戚甄拉过萧衍的手,放在肚皮上,道:“他现在会同你玩了,能用小脚丫踢你的手。”

话音刚落,萧衍便感觉到了掌心被人轻轻点了下,力道不大,却能叫人十分清晰地感觉到“这一脚”。

多日来的疲惫在这一刻烟消云散,他笑了笑,任戚甄肚子里的小家伙好奇地踢着他的掌心,道:“灼灼,可还记得父亲的声音?”

掌心里的“鼓点”敲得更密集了,仿佛在同萧衍道,他记得呢。

萧衍低低地笑出声,同萧烈说了半晌子的话,直到戚甄催了,方上榻。

戚甄侧身望他,道:“听说太子偷偷挪了一批灾银用来建丹室了,此事当真?”

萧衍颔首:“太子轻信妖道,不仅要造丹室炼丹,还要用幼童之血炼妖法,如今各地藩王磨刀霍霍,想借着清君侧之名,攻入上京。”

戚甄心口重重一跳,她只听说了萧启元炼丹一事,却不知他竟然走火入魔到要滥杀无辜幼儿,更不知各地藩王竟然要借机攻入上京。

说什么清君侧,不过是想借机争夺那把龙椅罢了。

“大胤岂不是要大乱了?”戚甄蹙眉。

“我那几位皇兄便是要攻入上京,也得要有足够的兵马粮草,做好这些准备,至少要个一年半载,大胤这一两年暂时不会乱。”

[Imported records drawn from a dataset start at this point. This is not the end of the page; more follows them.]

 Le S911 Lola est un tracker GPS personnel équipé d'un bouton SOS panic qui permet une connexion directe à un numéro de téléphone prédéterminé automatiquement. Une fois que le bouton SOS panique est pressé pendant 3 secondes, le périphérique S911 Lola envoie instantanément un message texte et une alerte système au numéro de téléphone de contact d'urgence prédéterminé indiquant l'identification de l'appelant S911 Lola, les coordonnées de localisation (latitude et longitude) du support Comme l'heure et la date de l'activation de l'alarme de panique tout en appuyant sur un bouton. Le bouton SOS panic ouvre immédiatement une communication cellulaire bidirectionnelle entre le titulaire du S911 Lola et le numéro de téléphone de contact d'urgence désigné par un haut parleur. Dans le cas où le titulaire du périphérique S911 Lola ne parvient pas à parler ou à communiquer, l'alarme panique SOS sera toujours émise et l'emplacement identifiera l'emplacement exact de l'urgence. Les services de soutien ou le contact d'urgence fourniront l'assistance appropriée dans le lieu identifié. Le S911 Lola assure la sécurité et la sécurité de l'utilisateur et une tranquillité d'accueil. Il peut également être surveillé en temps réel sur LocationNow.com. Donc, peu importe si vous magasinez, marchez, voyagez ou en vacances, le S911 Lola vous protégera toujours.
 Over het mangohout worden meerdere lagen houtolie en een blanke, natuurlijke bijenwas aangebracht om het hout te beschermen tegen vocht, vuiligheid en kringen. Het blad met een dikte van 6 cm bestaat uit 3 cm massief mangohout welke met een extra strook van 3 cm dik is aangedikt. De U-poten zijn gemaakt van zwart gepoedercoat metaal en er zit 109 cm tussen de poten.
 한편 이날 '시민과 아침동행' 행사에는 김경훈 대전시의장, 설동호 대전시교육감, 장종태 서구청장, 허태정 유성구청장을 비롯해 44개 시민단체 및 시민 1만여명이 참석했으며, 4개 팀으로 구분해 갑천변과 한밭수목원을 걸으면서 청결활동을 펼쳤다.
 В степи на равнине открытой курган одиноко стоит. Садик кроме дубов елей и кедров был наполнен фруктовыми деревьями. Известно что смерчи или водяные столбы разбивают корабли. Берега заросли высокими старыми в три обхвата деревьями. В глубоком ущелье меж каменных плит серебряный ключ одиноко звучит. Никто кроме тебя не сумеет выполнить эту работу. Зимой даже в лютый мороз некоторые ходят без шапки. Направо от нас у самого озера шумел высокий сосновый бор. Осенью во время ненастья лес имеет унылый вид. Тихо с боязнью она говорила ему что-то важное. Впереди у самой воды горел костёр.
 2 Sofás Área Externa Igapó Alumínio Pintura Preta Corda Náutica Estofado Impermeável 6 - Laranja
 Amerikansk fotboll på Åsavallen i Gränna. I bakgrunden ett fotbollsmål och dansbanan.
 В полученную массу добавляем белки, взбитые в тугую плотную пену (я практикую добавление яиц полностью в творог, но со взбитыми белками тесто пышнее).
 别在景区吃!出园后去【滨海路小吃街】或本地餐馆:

萧衍抬手抚着戚甄的眉,云淡风轻道:“便是诸地藩王围攻上京,我也不会叫太原府起乱,不会令你置身险地。”

戚甄未语。

少倾,她望着萧衍,缓缓道:“萧衍,你也会去抢那把龙椅吗?”

萧衍看她,“会,唯有坐上那把龙椅,方能护着你还有我们的孩儿。”

从他秘密离开太原,戚甄便猜到他的心思了。

见他如此诚实,忍不住弯唇笑了下:“好,我与你共进退,我会说服兄长支持你,戚家还有戚家的旧部都会助你。”

她知晓他会是个好皇帝,会做得比萧启元好的。

可她却不知,萧衍在回来太原府的前一日便与戚衡见过了。